A bit of setup first…

!pip3.8 install -q -U emcee folium pyextremes statsmodels

import pandas as pd
import numpy as np

%matplotlib inline
import matplotlib as mpl
from matplotlib import pylab as plt
import matplotlib.dates as mdates
import seaborn as sns
sns.set(rc={'figure.figsize':(18,6)})
sns.set_style("ticks")

cmap = plt.get_cmap('plasma')

import statsmodels.api as sm

from pyextremes import EVA, __version__
import pyextremes

from pyextremes.plotting import (
    plot_extremes,
    plot_trace,
    plot_corner,
)

vmin=3.0
vmax=9.0

print("pyextremes", __version__)

pyextremes 2.2.1

Data

Data are from the Northern California Earthquake Data Center (NCEDC).

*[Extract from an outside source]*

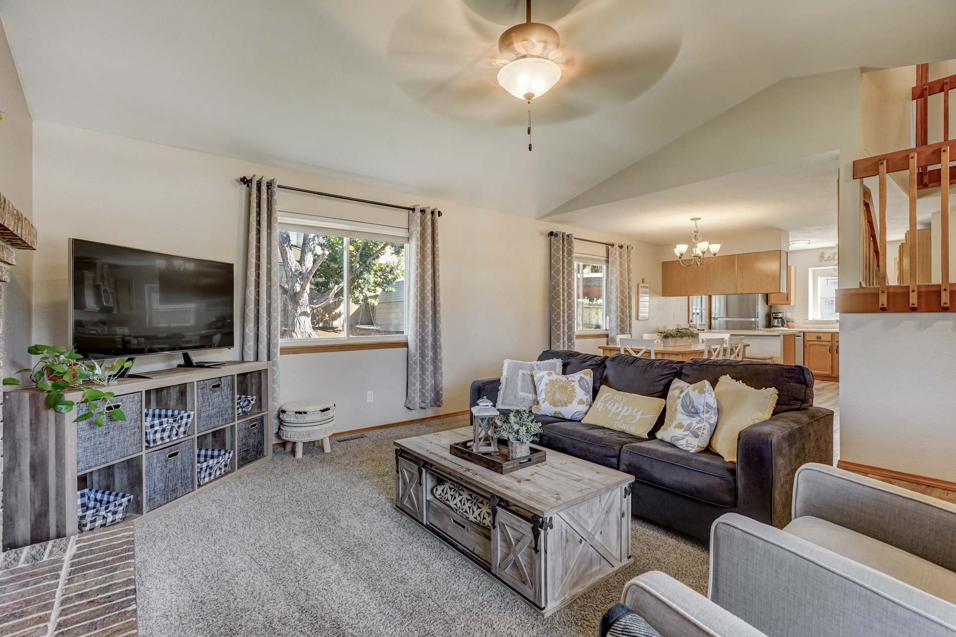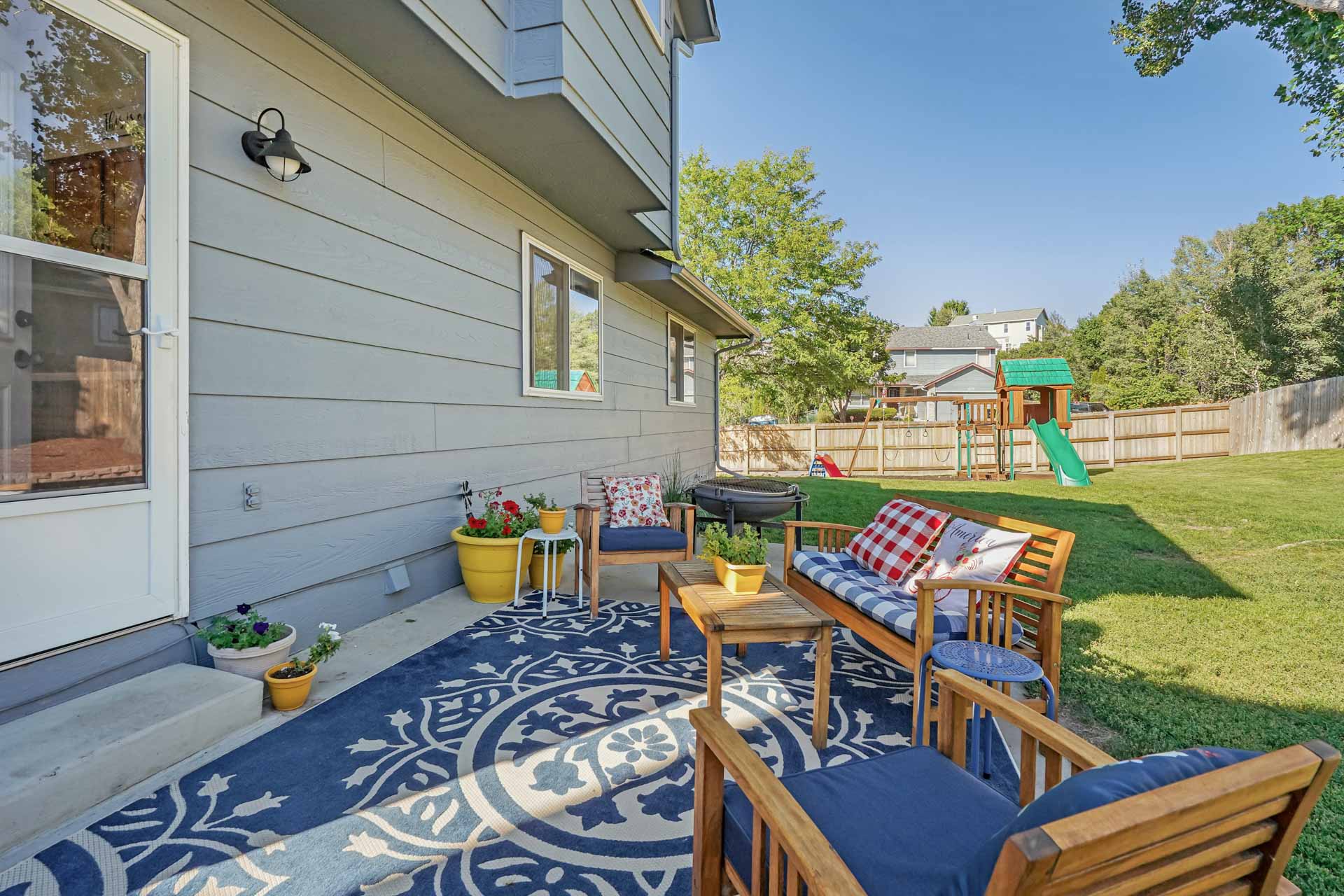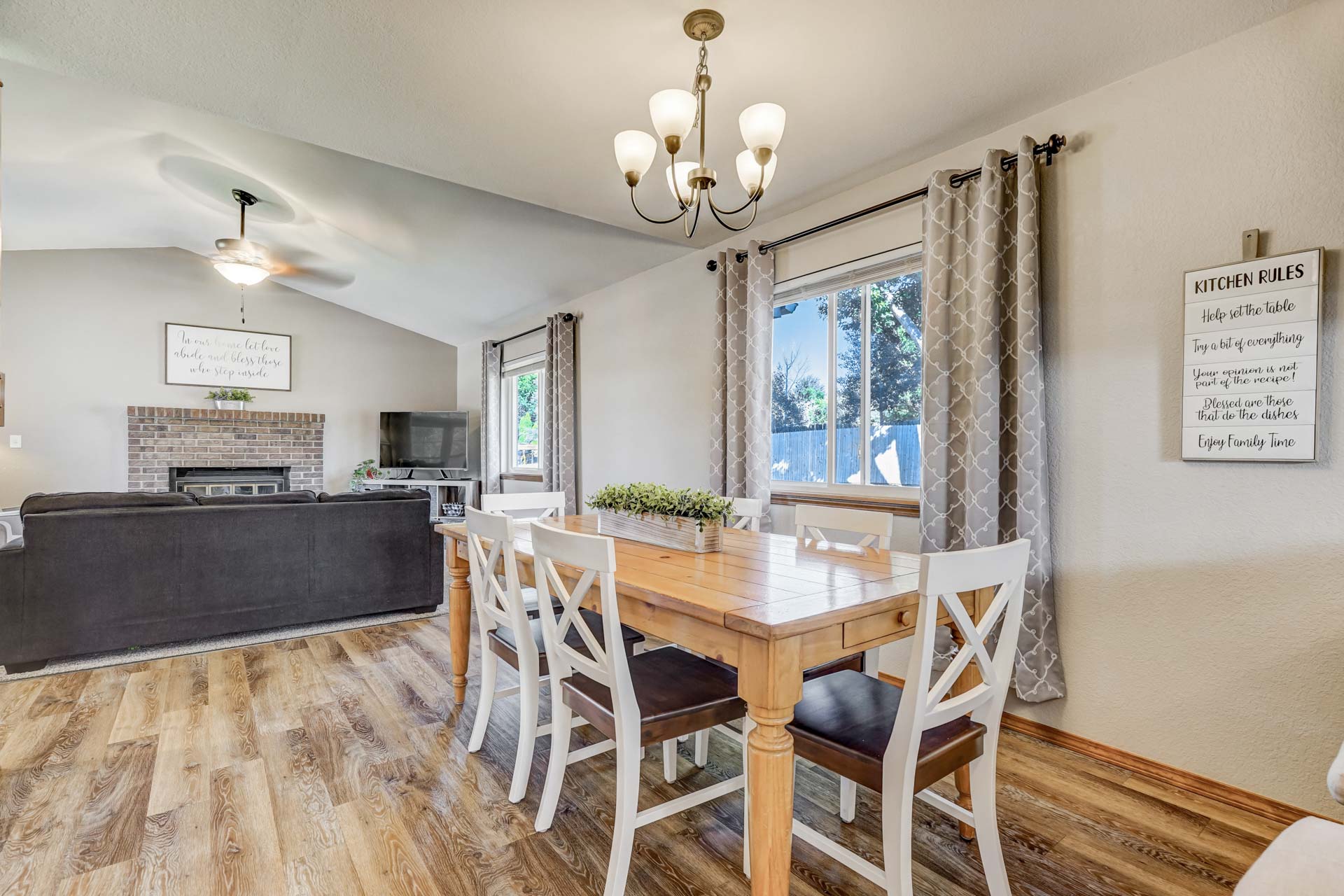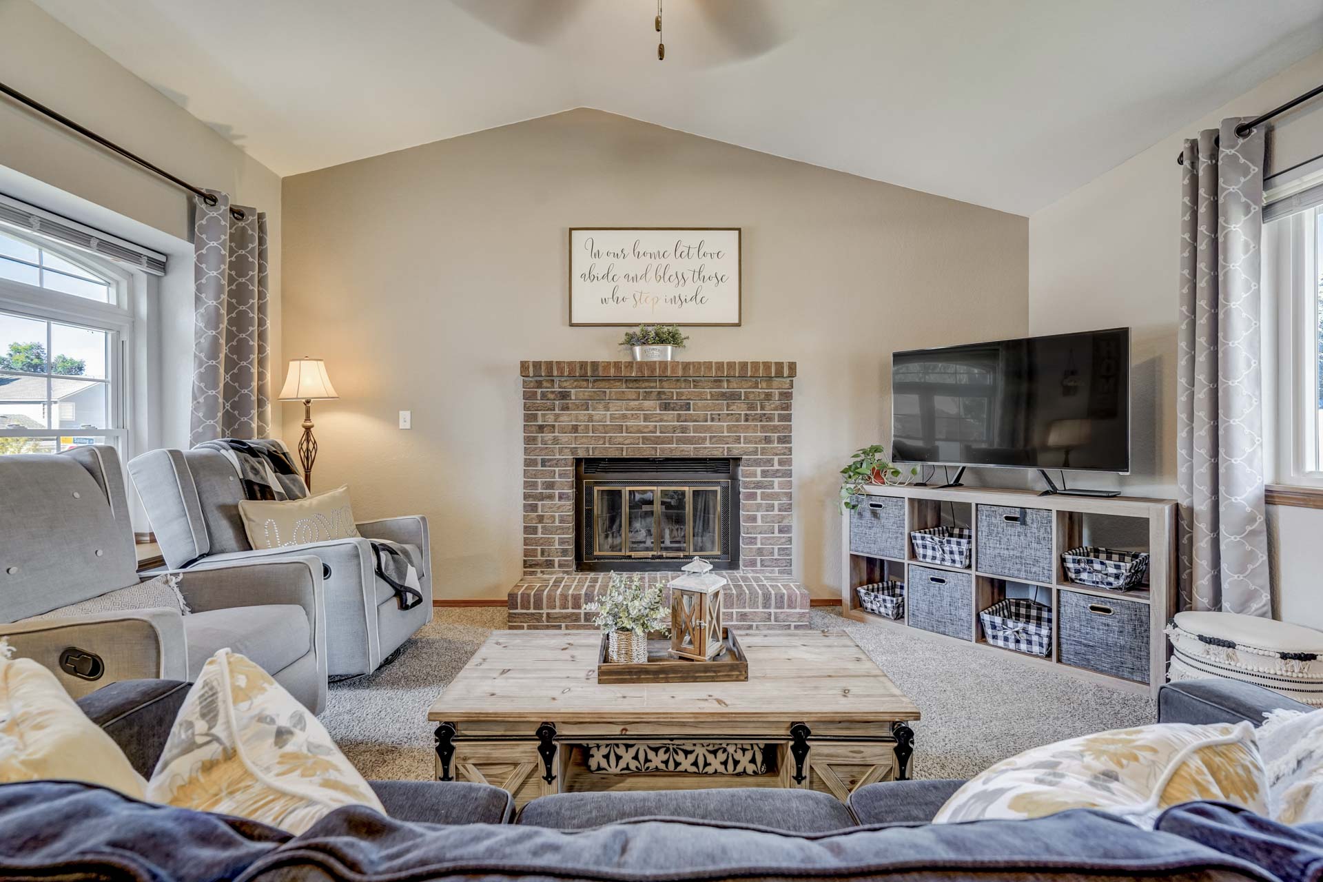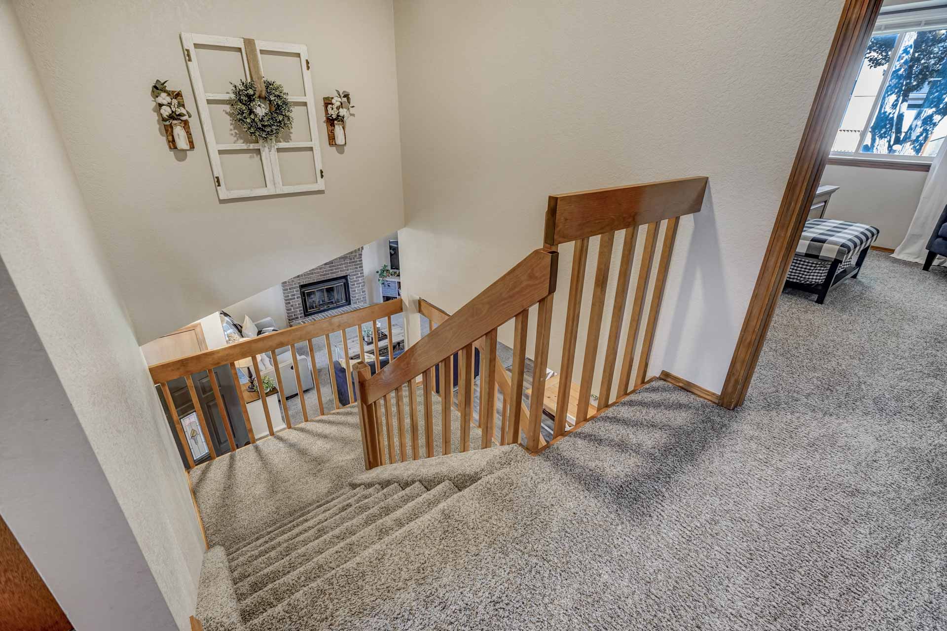 Updated 2-story home with modern finishes. Offering a large yard on a cul-de-sac, surrounded by comfort & convenience. Located in the desirable Northwind neighborhood w/easy access to schools, shopping, entertainment, Cottonwood Creek Park/trails, & main roads. As you enter updated luxury vinyl plank wood floors greet you and flow throughout the main level. The great room draws you in boasting vaulted ceilings, wood burning fireplace w/ brick surround & large windows letting the natural light pour in illuminating the open space. The dining space has newer chandelier and can accommodate a large table for those formal occasions. The nearby updated kitchen opens to the great room creating the perfect layout to entertain friends & family. Featuring solid wood cabinets w/ oil bronzed hardware, expansive peninsula w/breakfast bar, modern pendant lighting, & stainless-steel appliances. From here step out to the incredible fenced backyard, w/ concrete patio, mature trees, storage shed, garden beds & more. Completing the main level is the laundry room w/ updated ½ bath boasting decorative wall and custom shelf. Head upstairs to the primary bedroom boasting sitting area, vaulted ceilings, walk-in closet & updated private 3/4 bath w/floor to ceiling tile, LVP flooring, custom mirror, new lighting & hardware. 2 additional upper bedrooms both have ceiling fans plush carpet & easy access to hall full bath w/new lighting, newer lvp floor & tile tub/shower surround. Downstairs the finished basement presents an open family room or 4th bedroom w/ newer carpet, new LED lighting &, walk-in closet/storage room. Bonus: modern paint colors, energy efficient vinyl windows, & more. See it today!

Waldhauser, F. and D.P. Schaff, Large-scale relocation of two decades of Northern California seismicity using cross-correlation and double-difference methods, J. Geophys. Res.,113, B08311, doi:10.1029/2007JB005479, 2008.
Waldhauser, F., Near-real-time double-difference event location using long-term seismic archives, with application to Northern California, Bull. Seism. Soc. Am., 99, 2736-2848, doi:10.1785/0120080294, 2009.

Go here if you want to download them.

df_ = pd.read_csv('ncedc.csv')
df_

	time	latitude	longitude	magnitude	magType	…	source	eventID
0	1967/08/22 08:29:47.47	36.40050	-120.98650	3.00	Mx	…	NCSN	1001120
1	1967/08/26 10:35:05.61	36.53867	-121.16033	3.30	Mx	…	NCSN	1001154
2	1967/08/27 13:20:08.75	36.51083	-121.14500	3.60	Mx	…	NCSN	1001166
3	1968/01/12 22:19:10.35	36.64533	-121.24966	3.00	ML	…	NCSN	1001353
4	1968/02/09 13:42:37.05	37.15267	-121.54483	3.00	ML	…	NCSN	1001402
…	…	…	…	…	…	…	…	…
18330	2020/12/27 14:44:40.09	39.50583	-122.01767	3.86	Mw	…	NCSN	73503450
18331	2020/12/27 19:05:47.53	36.84417	-121.57484	3.19	ML	…	NCSN	73503535
18332	2020/12/30 08:30:22.09	36.60500	-121.20883	3.10	ML	…	NCSN	73504420
18333	2020/12/31 04:22:03.38	38.83883	-122.82317	3.63	Mw	…	NCSN	73504795
18334	2020/12/31 13:41:59.04	37.79950	-122.59367	3.33	ML	…	NCSN	73505175

18335 rows × 12 columns

magTypeColors = sns.color_palette("hls", 8)
palette = {
    'ML': magTypeColors[0],
    'Md': magTypeColors[1],
    'Mh': magTypeColors[2],
    'Mw': magTypeColors[3],
    'Mx': magTypeColors[4],
    'Unk': magTypeColors[5],
}
sns.histplot(data=df_.sort_values(by='magType'),
             x='magnitude',
             hue='magType',
             bins=20,
             multiple='stack',
             palette=palette)
sns.despine(left=True)
plt.show()

Earthquakes magnitude distribution by types.

And more specifically above 5.

sns.histplot(data=df_[df_['magnitude'] > 5].sort_values(by='magType'),
             x='magnitude',
             hue='magType',
             bins=20,
             multiple='stack',
             palette=palette)
sns.despine(left=True)
plt.show()

The magniture are based on different scales.

df_.groupby(by='magType').size().to_frame('count')

magType	count
ML	6513
Md	10307
Mh	12
Mw	1456
Mx	46
Unk	1

We will stick to only one scale as mapping on to each other seems to be difficult. They basically measure different things… – See USGS - what-are-different-magnitude-scales.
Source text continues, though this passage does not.